Maggi felt as if she as being dismissed.
Not that easy, fella.
She glanced at her watch. It was a little after five.
“You’re off duty. Technically.” She was beginning to get the impression that Cavanaugh felt he was never off duty. Which conflicted with her reasons for being assigned to the case in the first place. If he was so dedicated, could he really be dirty? “Why don’t we go somewhere and I’ll buy you a beer to wash the taste of that tea out of your mouth?”
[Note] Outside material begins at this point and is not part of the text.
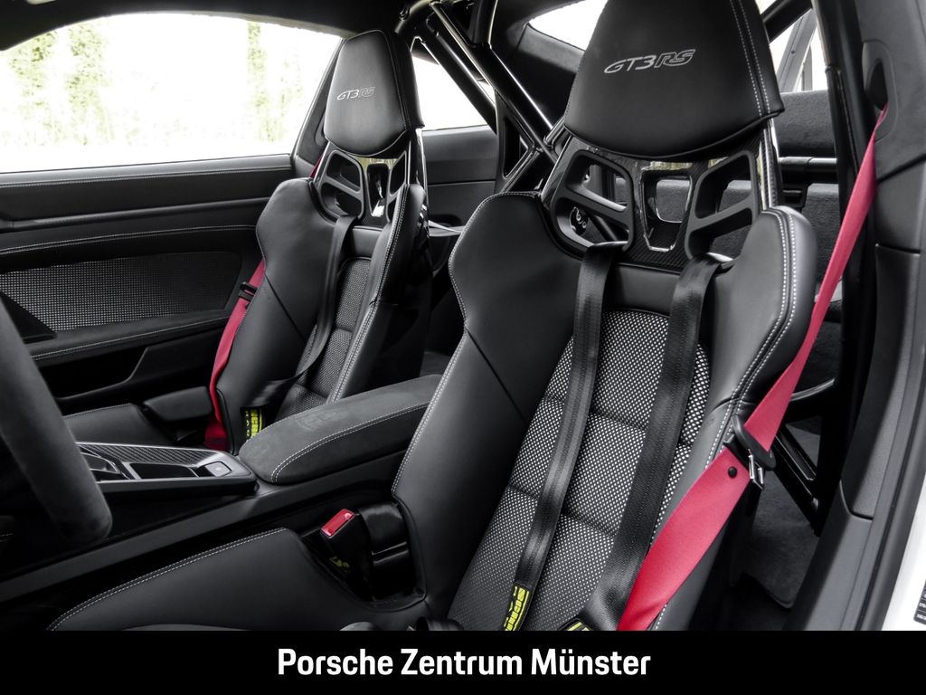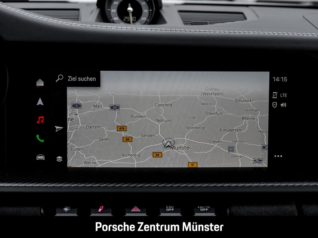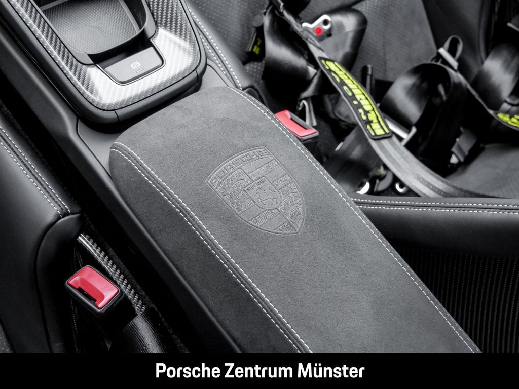 - Weiteres: (6A9) Clubsportpaket, (2UH) Liftsystem Vorderachse, (0I2) 90 Liter Kraftstofftank, (FZ1) Sicherheitsgurte indischrot, (4QX) 6-Punkt-Gurt für Beifahrerseite, (2C6) Verkleidung Lenksäule Leder, (6E5) Porsche Wappen auf Deckel Ablagefach Race-Tex, (AFB) Fahrzeugschlüssel lackiert in Exterieurfarbe mit Schlüsseletui Race-Tex, (7M8) Türeinstiegsblenden Carbon matt, beleuchtet, (8JU) LED-Matrix Hauptscheinwerfer abgedunkelt inkl. Porsche Dynamic Light System Plus (PDLS Plus), (KA2) ParkAssistent hinten inkl. Rückfahrkamera, (QR9) Verkehrszeichenerkennung

It was tempting. So was doing something else to rid his mouth of the taste that was there. But right now, something bothered him more than the rebellion of his own hormones. What Alicia had told them wasn’t sitting right with him.
“Some other time.”
She deliberately moved in front of him, blocking the way to his car. “What’s on your mind?”
Annoyed, he had to repress the desire to physically move her out of his way. “What?”
“I’m starting to know you, Cavanaugh.” The funny part of it was, she was. What’s more, she liked what she had learned. He exhibited all the warmth of a clay statue, but it was obvious that he cared about the welfare of his late partner’s family. He got points for that. “I can see the little wheels in your head turning. Something’s bothering you. What is it?”